- _Problem description_
Reproduce the whole listing exactly and let no picture into the copy.

---- Available data

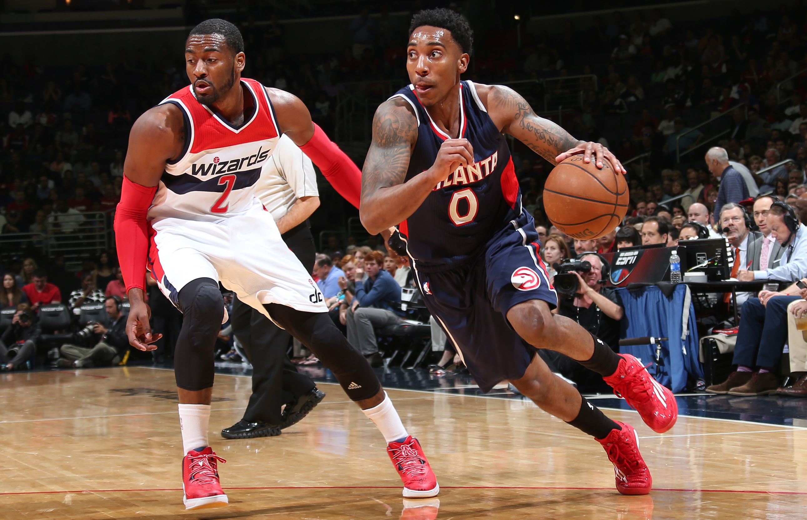 Jeff Teague of the Atlanta Hawks handles the ball against the Washington Wizards in Game Six of the Eastern Conference Semifinals of the 2015 NBA Playoffs at the…
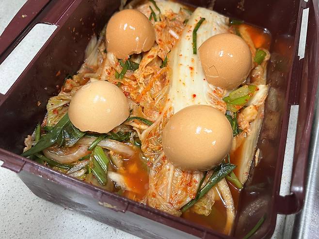 김치통에 계란 껍데기를 넣으면 김치가 시는 것을 지연시킬 수 있습니다. 계란 껍데기에 들어 있는 칼슘 성분이 김치가 빨리 시는 것을 막는 효과가 있습니다.
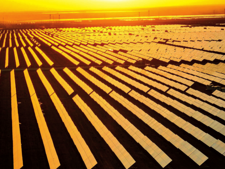 夕阳映照下的新疆哈密市石城子光伏产业园一角(2024年9月8日摄)。胡虎虎摄/本刊
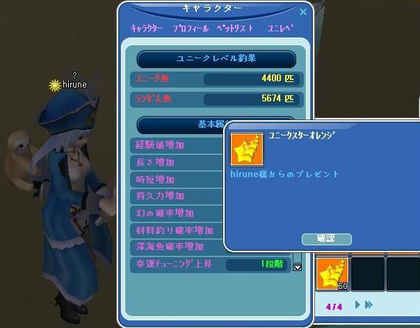 ユニーク魚が4400匹で、オレンジな餌が60個ごち♪

--------

- _Solution for this task_
 Jeff Teague of the Atlanta Hawks handles the ball against the Washington Wizards in Game Six of the Eastern Conference Semifinals of the 2015 NBA Playoffs at the…
 김치통에 계란 껍데기를 넣으면 김치가 시는 것을 지연시킬 수 있습니다. 계란 껍데기에 들어 있는 칼슘 성분이 김치가 빨리 시는 것을 막는 효과가 있습니다.
 夕阳映照下的新疆哈密市石城子光伏产业园一角(2024年9月8日摄)。胡虎虎摄/本刊
 ユニーク魚が4400匹で、オレンジな餌が60個ごち♪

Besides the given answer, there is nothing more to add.